You're quite close but it's possible to optimize. I've taken more or less the same approach but I did a mistake in my calculations the first time, so I did it again by looking for that expression.

The idea is to take steps that leave a multiple of 1000 bananas, because they dictate how many trips are necessary, and thus the cost for each step. So the expression is the cost in banana/km for each of those steps.
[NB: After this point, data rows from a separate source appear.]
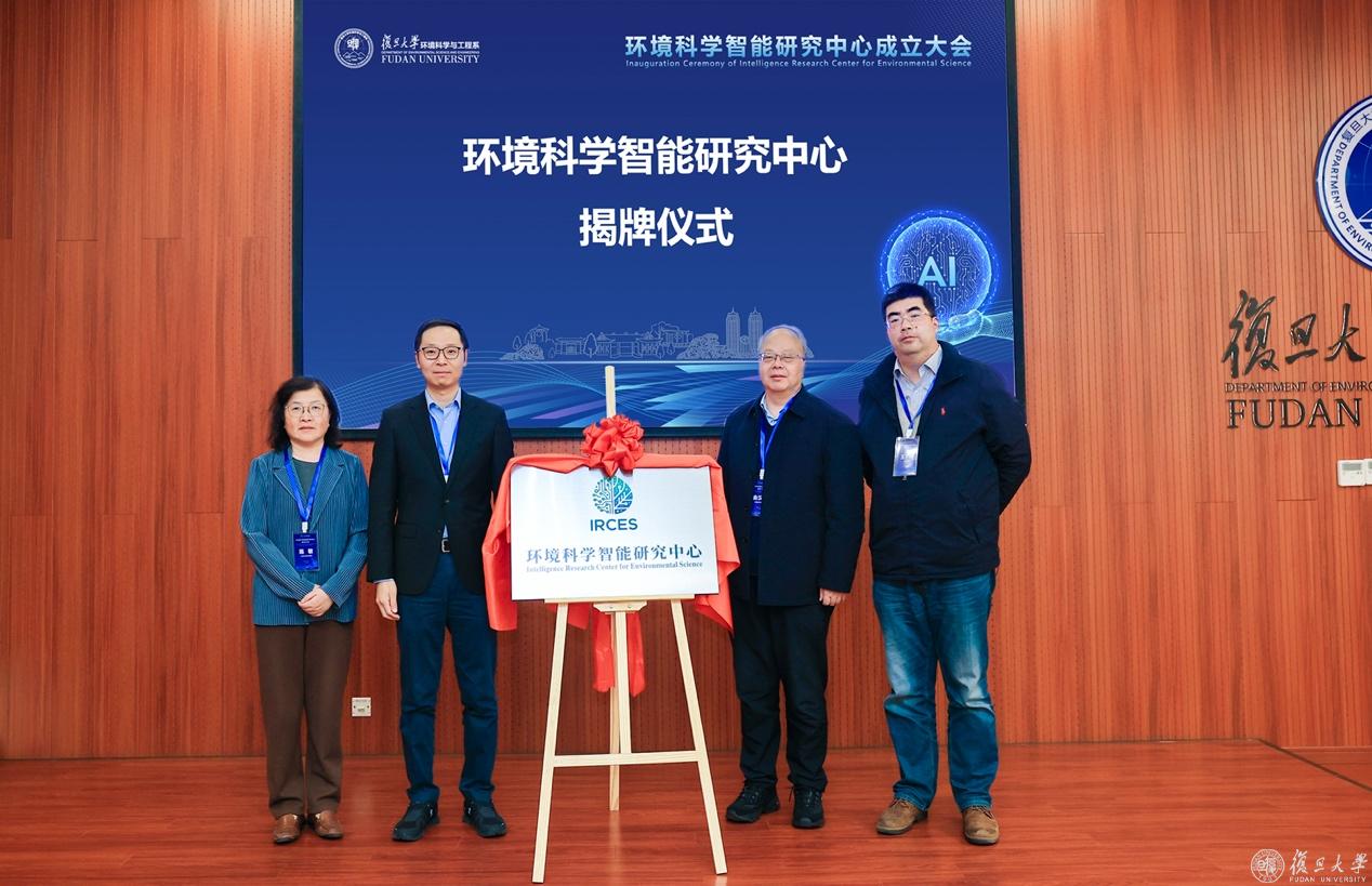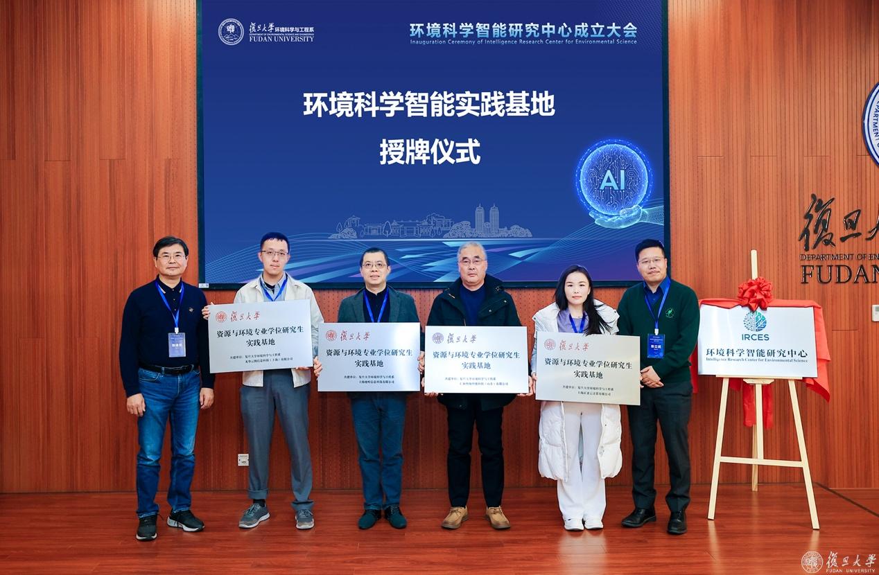 姜育刚、俞汉青、施敏、王琳共同为环境科学智能研究中心揭牌。四家人工智能领域科技企业和复旦环境系共建环境科学智能实践基地,启动产学研深度融合,陈建民教授、张立武副主任为四家企业授牌。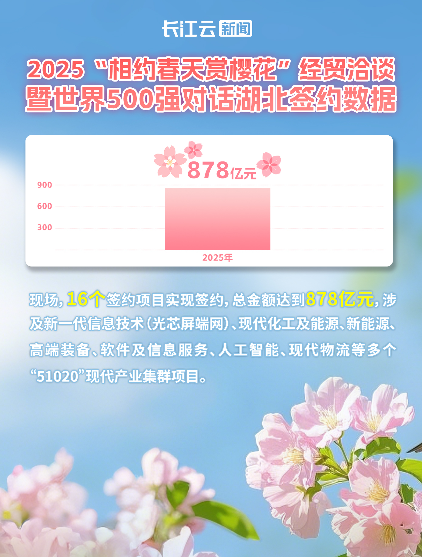 3月20日,時值“春分”,2025“相約春天賞櫻花”經(jīng)貿(mào)洽談暨世界500強對話湖北活動拉開帷幕,湖北以“櫻”為媒,張開懷抱歡迎四海賓朋!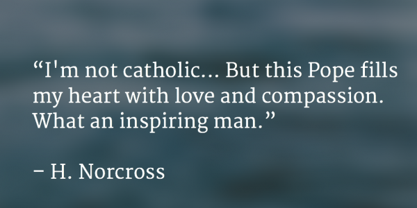 “I’m not catholic… But this Pope fills my heart with love and compassion. What an inspiring man.”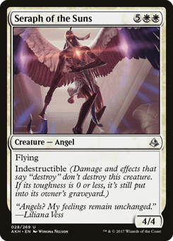 Flying Indestructible (Damage and effects that say "destroy" don't destroy this creature. If its toughness is 0 or less, it's still put into its owner's graveyard.)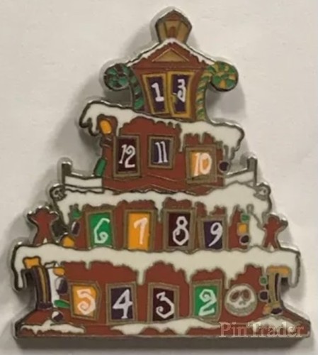 | Each year Disney places a Nightmare Before Christmas themed gingerbread house inside the Haunted Mansion. This set represents the gingerbread houses between 2010 and 2018. Two pins per box. |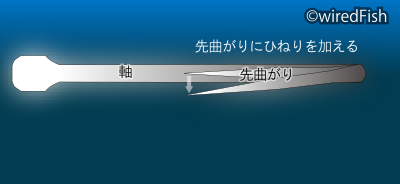 針の先曲がりにひねりを加えて軸平面を故意に歪ませた針もあります。このような針はヒネリ針といいます。ヒネリ針は、主にフッキング率向上を期待して用いられます。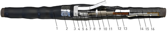 9 - стеклолента. 11 - жильная трубка. 13 - герметик маслостойкий. 15 - герметик узла заземления. |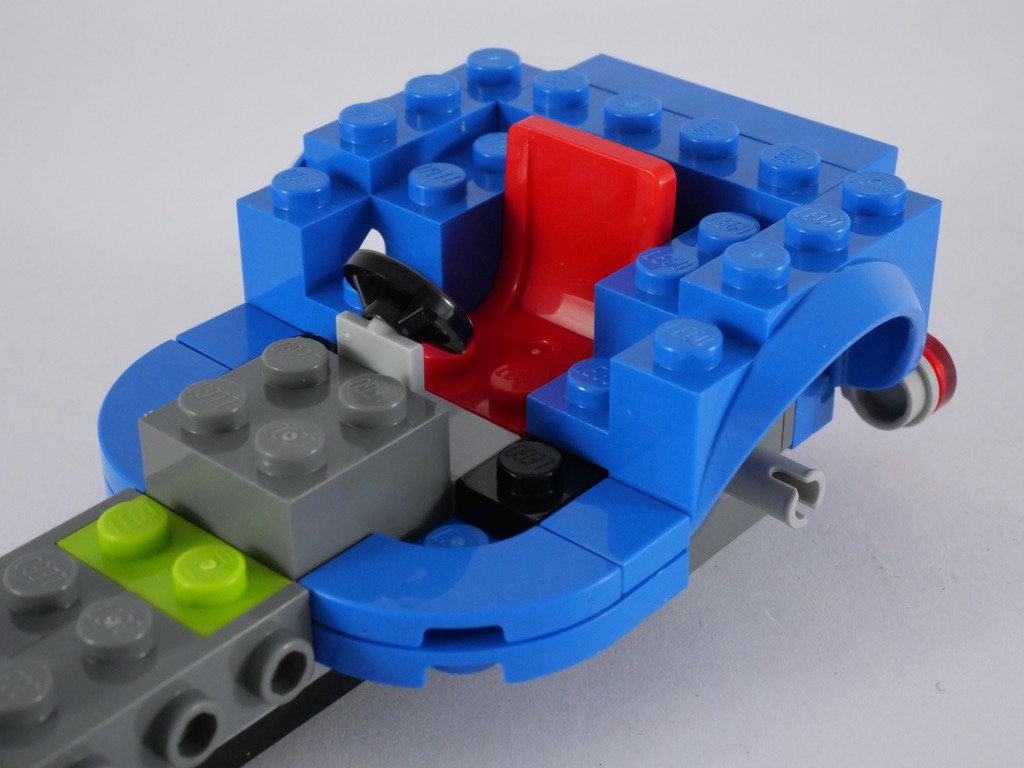 La construction prend une vingtaine de minutes et est plutôt intéressante. On commence par le châssis et les deux essieux, avant de s’intéresser à l’arrière de la voiture. On y ajoute les feux et la plaque d’immatriculation puis on aménage le poste de conduite avec son siège rouge et sa capote noire. Nous ajoutons le pare-brise, puis nous continuons avec le moteur. Les pistons sont ici représentés par des autocollants, je pense qu’une solution brick-built plus élégante aurait pu être trouvée quitte à rallonger légèrement la partie avant. On termine avec le radiateur et les phares, puis les 4 roues.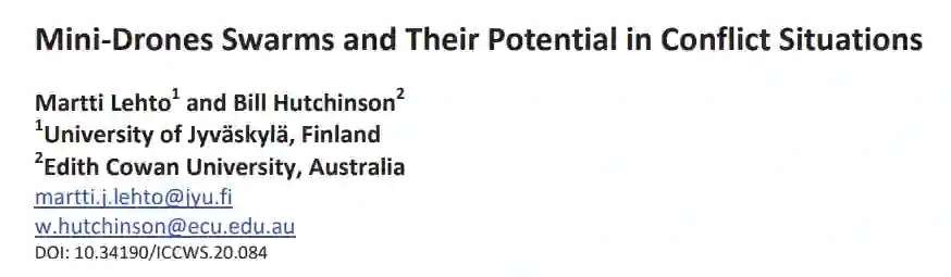 无人驾驶飞行器(UAV)俗称无人机,目前被广泛用于边境监控、空中侦察、交通管制和武装冲突中的军事干预等行动。尽管人的因素在编程和控制方面仍起着至关重要的作用,但这些飞行器有望成为可靠、自动、有时甚至自主的机器。无人机在诞生之初,结构复杂,体积庞大,只属于技术先进的军事强国的专属俱乐部。它们往往用于对付技术薄弱的军事目标定位。现在,无人机在价格、尺寸和先进性方面的发展使几乎任何人都能购买无人机。这些当代机器通常体积较小,而且随着人工智能(AI)的使用越来越多,其成本和使用范围几乎可以覆盖所有作战人员。因此,有必要重新思考使用它们的战略和战术。这些 "微型无人机 "很少具备 "传统 "无人机的复杂性和能力,但它们确实有能力提供大量资产,并不断增强能力。虽然它们可能不具备大型无人机的起重能力,但它们可以经济地大规模使用,因此可以产生不同但同样有效的结果。本文研究了蜂群及其相关能力,它们不仅能压倒战斗机,还能通过遍布蜂群的额外传感器带来额外功能。因此,复杂的人工智能为无人机群提供了各种类型的功能:例如,假人/曳光无人机、动能和非动能攻击无人机、监视无人机,以及可配备无线接入点并部署为特设飞行网络的无人机。本文还探讨了无人机/无人驾驶飞机的类别和自主性,以及如何利用自主性和蜂群智能(SI)为各种作战概念创造效率。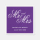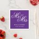 Custom colour background paper napkins. Chic royal purple Mr and Mrs paper wedding napkins. Elegant script typography design for classy wedding party. Stylish handwritten calligraphy text. Customisable colours personalised with name of bride and groom.

1) We could consume the 1000 first bananas, by a lucky guess:

- take 1000 to L200, there's 800 remaining. Drop 600 and get back to L0 (400 eaten)

- take 1000 to L200, drop 600 and get back to L0 (400 eaten)

- take 1000 to L200, drop 800 (200 eaten) => 2000 left.

That's a cost of 1000 for 200 km, so 5 banana per km. That's normal since 3000 bananas require 3 transports, 2 back & forth and 1 final, so

**2*2+1** bananas per km.

2) Let's use that approach for the 2nd step. Now there's only 2000 bananas, so 2 transports required, 1 back & forth and 1 final, we expect 2+1 = 3 bananas per km.

To consume 1000 bananas, it would take 333 + 1/3 km. Let's do that and we arrive at L200+333+1/3 = L533+1/3, with only 1000 bananas left.

Or said otherwise,

- take 1000 to L200+333+1/3, drop 333+1/3 (hoping the 1/3 doesn't rot), get back to L200 (666+2/3 eaten)

- take 1000 to L200+333+1/3, drop 666+2/3 (333+1/3 eaten).

3) Final trip, we have 1000 - (533+1/3) km to travel, and the camel eats as many bananas. This leaves us with:

1000 - (1000 - (533+1/3)) =

**533+1/3 bananas**. Not efficient but after all it's in the desert.

My first reaction was that there would be no banana left, since it would eat all of them, it's quite counter-intuitive.